The real Violet was listening to her collection of tapes—hundreds of hours of people answering the same questions: "How do you see yourself?" and "What do you want?" When I was at home during the day, their voices came through the ceiling from Violet's study. I could rarely hear what they were saying, but I heard mumbles and whispers, laughter, coughs, stammers, and every once in a while the throaty noise of sobs. I also heard the sound of the tape rewinding and understood that Violet was playing the same sentence or phrase over and over again. She had stopped talking to me about her book, and Erica reported that Violet had become a little mysterious about its content with her, too. All Erica knew for certain was that Violet had rethought her project completely. "She doesn't want to talk about it yet," Erica wrote to me. "But I have a feeling the change in the book has something to do with Mark and his lies."

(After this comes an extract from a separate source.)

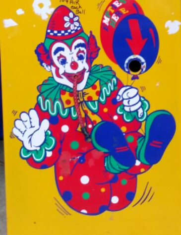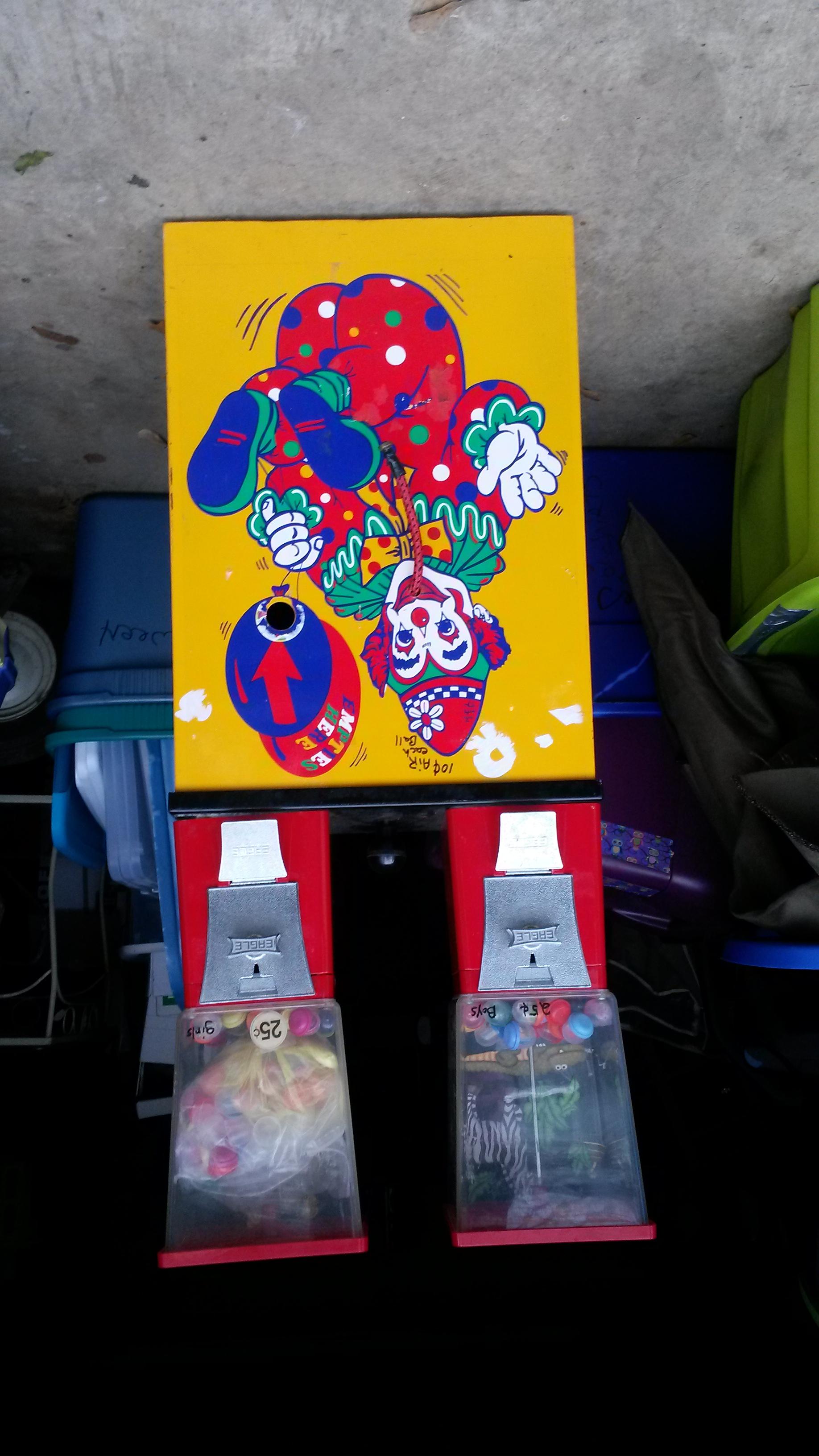 I know nothing about this gumball machine other than its made by eagle. Someone put it on the street for garbage on garbage day and i picked it up. It needs new locks in each top and thats all as far as i can tell. I have done a lot of internet searching and cant locate anything like it. The white on the yellow paint is from stickers that i can get off. There is some magic marker on it too which i plan to remove. The air pump does work. Works just like a bike pump. The hose comes out of the clowns mouth. The pump comes up between the 2 machines. Its located in Raymond, Ms. Any information and appraisal would be greatly appreciated.

Mark remained under house arrest every weekend until the first week in December. Bill and Violet allowed him to visit me when he was in New York, and he came faithfully every Saturday for a couple of hours. On Sunday he would turn up again for a short talk before he returned to Cranbury. In the beginning, I was wary of Mark and a little severe with him, but as the weeks passed I found it hard to stay angry. When I openly doubted his word, he looked so hurt, I stopped asking whether I could believe him. Every Friday he saw Dr. Monk, an M.D. and psychotherapist, and I felt those weekly talks steadied and sobered him. I also met Mark's girlfriend, Lisa, and the simple fact that Lisa cared about Mark softened me toward him. Although all of Mark's friends were welcome to visit him, Teenie, Giles, and the strange boy called Me never came to Greene Street, and Mark never mentioned them—nor did he wear the locket Giles had given him. Lisa came. Seventeen, pretty and blond, Lisa was an enthusiast. She flapped her hands at the sides of her face when she talked about her vegetarianism, global warming, or a species of tiger that was nearly extinct. When the two of them visited me, I noticed that Lisa would often reach out and touch Mark's arm or take his hand in hers. These gestures reminded me of Violet, and I wondered if Mark had felt their likeness. Lisa was obviously in love with Mark, and when I thought of the injured Teenie, I rejoiced at his improved taste. Lisa's "life goal," as she called it, was to become a teacher for autistic children. "My younger brother's autistic," she said, "and Charlie's been doing much better since he started this music-therapy program. The music kind of unblocks him."

"She's very moral," Mark said to me on the Saturday in December that marked the last day of his punishment. "When she was fourteen, she got involved with drugs for a while, but then she went into a program and has been clean ever since. She doesn't even have a beer. She doesn't believe in it."